The hidden premise in your response is that only Neural DSP could write quality code for their device, but in reality a large number of the feature requests here could be tackled by talented developers who are willing to come up with and maintain their own extension because they think it’s cool. Just look at the synth/sampler/groovebox Synthstrom Deluge: it was all done by one person. Or look at the Poly Beebo. It’s a one-man operation, done by Loki Davidson.

There are many people like myself who have the skills, who would be more than willing to create an add-on if the platform were made programmable. There are many users who contribute to others projects on GitHub or GitLab or BitBucket, for free, at very high quality. We like making contributions to projects we use.

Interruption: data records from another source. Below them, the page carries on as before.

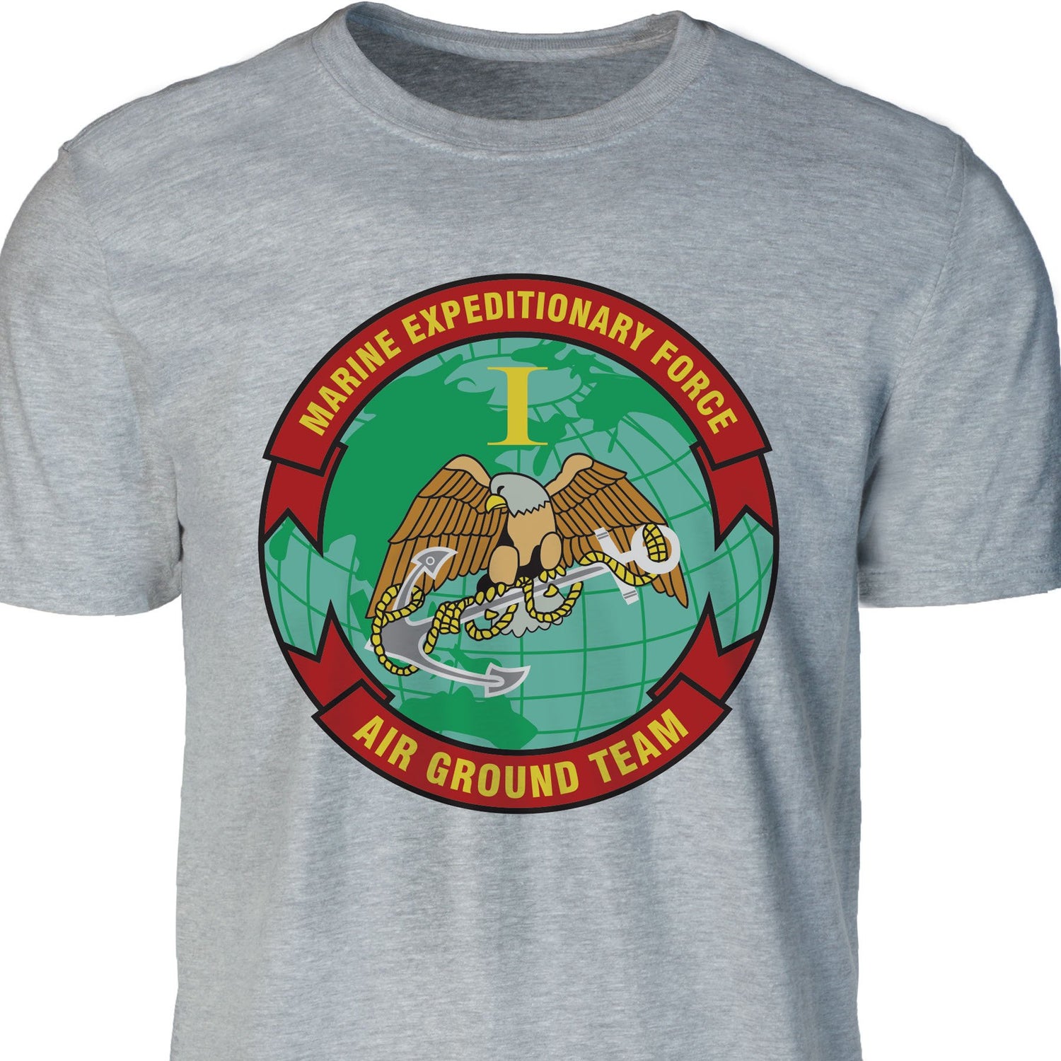 Your USMC collection won't truly be complete until you add this great T-shirt. This t-shirt features the 1st MEF - Air Ground Team Marines patch that can be personalized with your location and year.
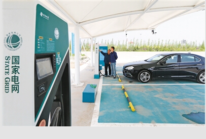 图为在张承高速张家口服务区充电站,一名驾驶员准备为自己的电动汽车充电。
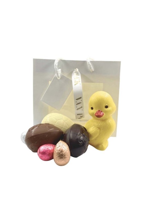 Wit cadeautasje met venster van 16*14cm ingevuld met een Callebaut chocolade kuiken (verkrijgbaar in witte, fondant, melk of geel ingekleurde chocolade) en aangevuld met 3 chocolade eieren en 4 kleine gevulde eitjes.
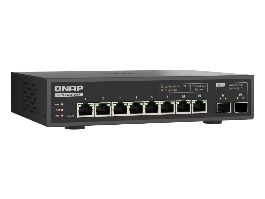 QNAP switch QSW-L3208-2C6T (6x 10GbE port, 2x 10G SFP+/NBASE-T Combo, Lite Managed)
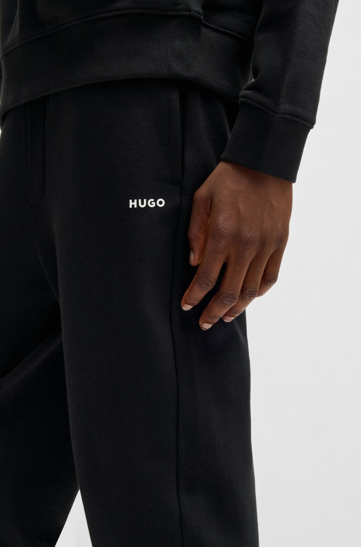HUGO Cotton terry tracksuit bottoms with logo print
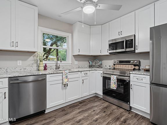 This fully renovated brick ranch offers 3 bedrooms, 2 baths, and timeless charm blended with modern updates. Set on a landscaped lot with mature trees, it features a brand-new roof, windows, and HVAC (2025), refinished hardwood floors, and a completely remodeled kitchen with abundant storage. With no HOA and plenty of character, this home avoids the cookie-cutter feel of new construction. A spacious 2-car garage, thoughtful updates throughout, and true move-in ready condition make it a standout. Conveniently close to Leland's city center, minutes from Wilmington and major highways, you'll love the perfect mix of comfort, convenience, and peace of mind.
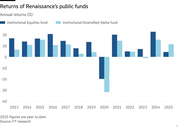 Após décadas de retornos elevados, os fundos externos da Renaissance registraram grandes perdas com os movimentos voláteis durante a pandemia, o que levou a uma queda acentuada nos ativos sob gestão externos. O Medallion Fund da empresa, frequentemente chamado de a maior máquina de fazer dinheiro da história, está fechado a investidores externos há cerca de duas décadas.
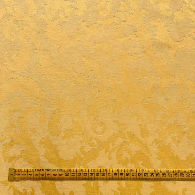 La trama, tipica del damasco, si distingue per la sua ricca lavorazione jacquard che crea un motivo ornamentale raffinato e tridimensionale: ampie volute e fogliami stilizzati si alternano in giochi di luce opachi e lucidi, grazie all’effetto cangiante dei filati metallici oro inseriti direttamente nel tessuto.
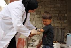 子どもたちへのポリオ予防接種キャンペーンでは、地域コミュニティへの啓発を通じて協力を得ることが欠かせません。今回のキャンペーンでは、訪問した家庭の大半が子どもへの予防接種を希望しました。ホベイシュ医師は、「人々は協力的で、子どもに予防接種を受けさせることの重要性を理解しています。予防接種で予防できる病気によって、自分の子どもに障がいが残ったり命を落とすことを望む親などいないのです」と話します。
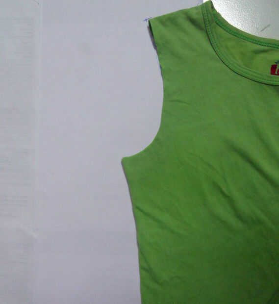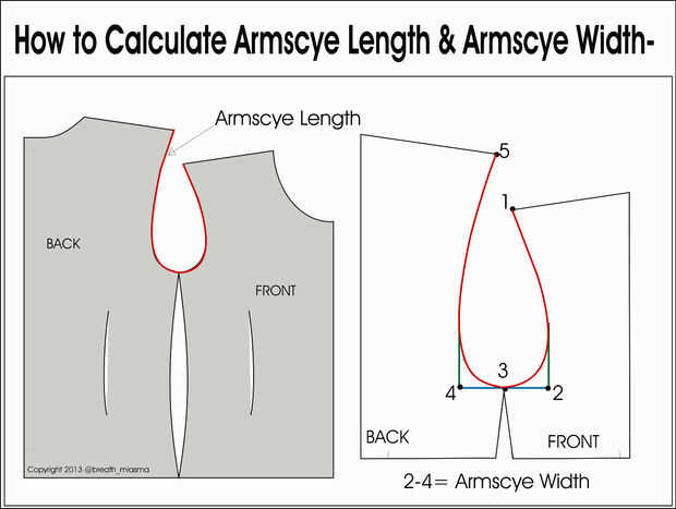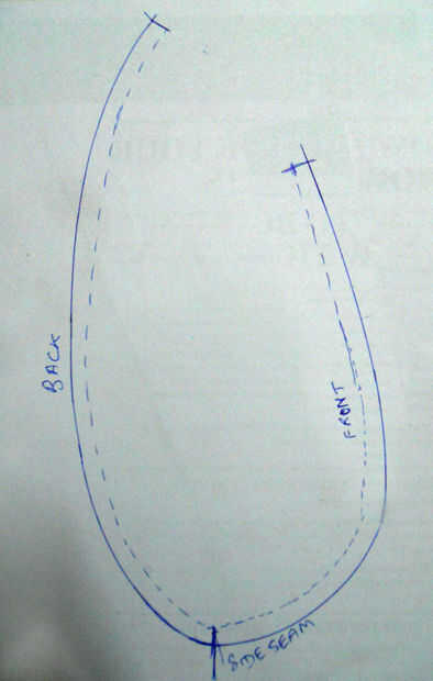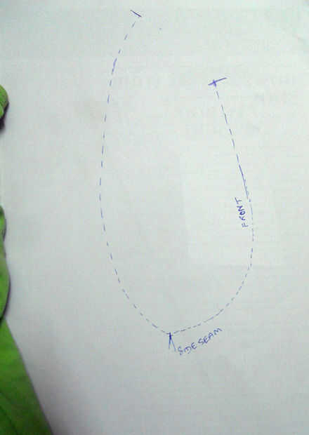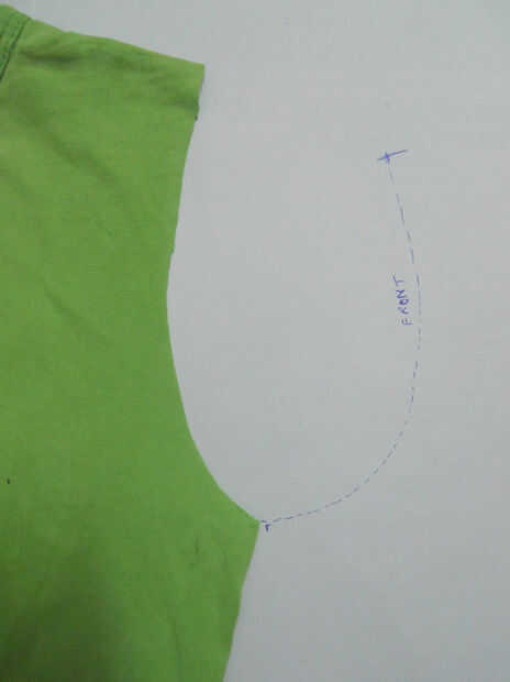 1. Coloque la prenda en un trozo de papel. Trazar la parte delantera y trasera agujero del brazo de la prenda en cuestión. Pasar 1/4 pulgadas y re dibujar el agujero del brazo sin su margen sobre el papel y marca la costura lateral. Nota en la figura anterior la línea roja muestra el largo de sisa.

Just take a look at GitHub as an example: Topics on GitHub · GitHub Pick a language and scroll through the tens of thousands of projects there. All of them are open source, mostly from volunteers, and many of the code bases are used in software or hardware you probably use every day.

Another example is the VSCode marketplace. Extensions for Visual Studio family of products | Visual Studio Marketplace

Not at all, i know there is a lot of talent and a lot of people outside of neural to do it. it just makes managing it more difficult and i dont think the solution to their timeline is making the community do work even if you guys are willing to work for free
i would love to see this implemented id just rather they focus the resources on what they promised and then do this type of thing

I think you both make good points. Neural needs to deliver and Open Source would be grand but has support and stability implications.

I would love to see an Open Source modeler as well as one that can run VST plugins for example, without requiring porting and with low enough latency to be usable. This would open up infinite possibilities. There are so many free VSTs available already, some of them quite good, that it is insane.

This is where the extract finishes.